Best known for his role in the turnarounds at IBM and Chrysler, Jerome York is working on another challenge, this time as chair of the audit committee at Tyco. The fact that York took on the messy job shouldn’t come as a surprise. After all, he told CFO in 1993, “When things are going well, it gets a little boring.” York also serves as a director at Apple and Metro-Goldwyn-Mayer. He has run Harwinton Capital Corp., his private investment firm, since September 2003.
Tom Meredith, Dell Computer’s former finance chief, has devoted himself to philanthropy since leaving the computer maker in 2000. A cover subject in August 1993, he runs the Meredith Private Foundation and co-founded the Austin Idea Network, a nonprofit focusing on quality of life in central Texas. Recently, Meredith joined the board of Motorola.
Debby Hopkins has been one of the most mobile executives of the past 20 years, taking her hard-charging management style from Unisys to General Motors to Boeing, a move for which she was featured on a CFO cover in 1999. Her time at Boeing was brief, however; she left after a year and a half to take the financial reins at Lucent Technologies. She was there barely a year, during which time profits plunged, CEO Richard McGinn was sacked, and the SEC began an investigation into past accounting practices. She then moved to consultancy Marakon Associates before joining Citigroup in January 2003, where she is now COO and CTO.

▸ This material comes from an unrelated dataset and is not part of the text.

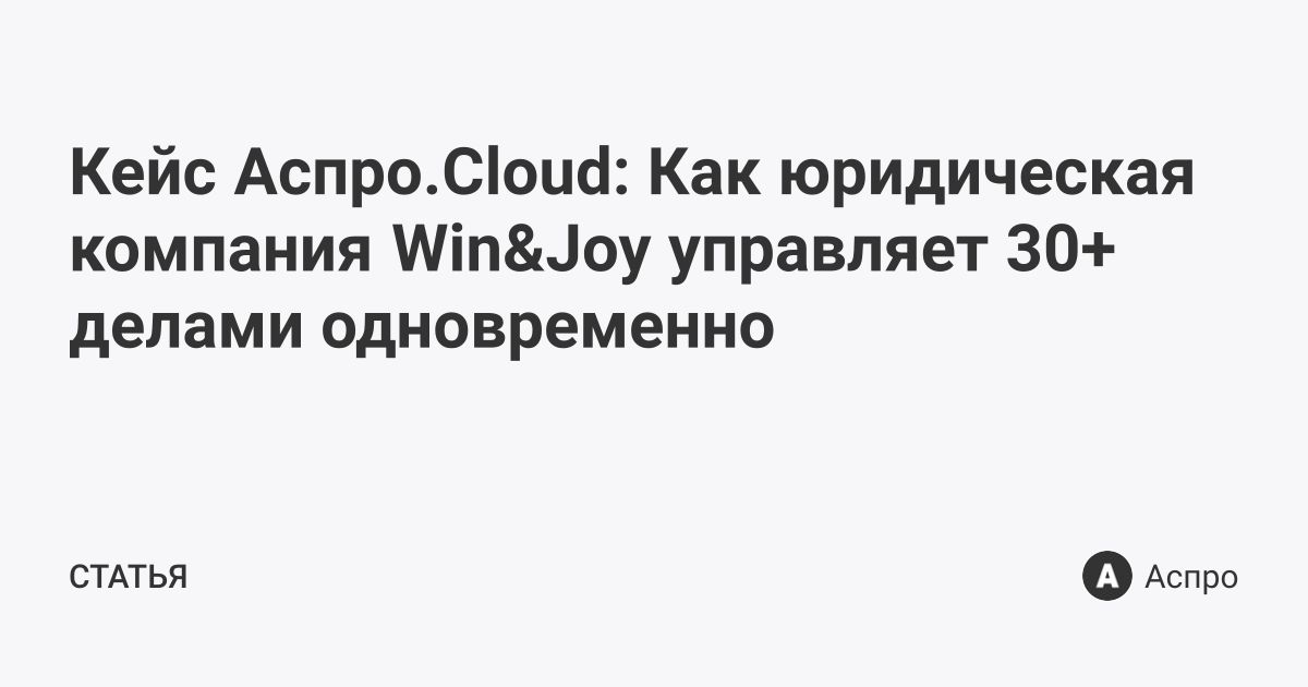 Кейс Аспро.Cloud: Как юридическая компания Win&Joy управляет 30+ делами одновременно

B.J. Rone, featured on CFO’s February 1991 cover for his turnaround work at Archive Corp., is now the CFO at Alliance Systems Holdings Inc., a server distributor in Plano, Tex. He says the top finance role has changed dramatically over the past two decades. “If you divide the CFO’s job into two pieces, where one is the financial-reporting and accounting side and the other is maximizing shareholder value and running the business, it used to be that you spent 80 percent of your time on the first part. Now it’s more like 50-50.”
Former Sara Lee Corp. CFO Judith Sprieser tried her hand at entrepreneurship in 2000, helping to found an online consumer-products marketplace, Transora. Sprieser was one of many CFOs to leave an established company for a start-up in recent years. Heidi Miller left Citigroup for a nine-month stint at Priceline before returning to the Old Economy, joining Marsh & McLennan and later becoming head of treasury services at J.P. Morgan Chase. Former Walt Disney Co. CFO Richard Nanula also tested the start-up waters, taking the CEO job at Broadband Sports after his tenure as president of Starwood Hotels & Resorts ended with a falling-out with CEO Barry Sternlicht. Nanula also returned to a large, publicly traded company after the bubble burst: today he’s the CFO of Amgen.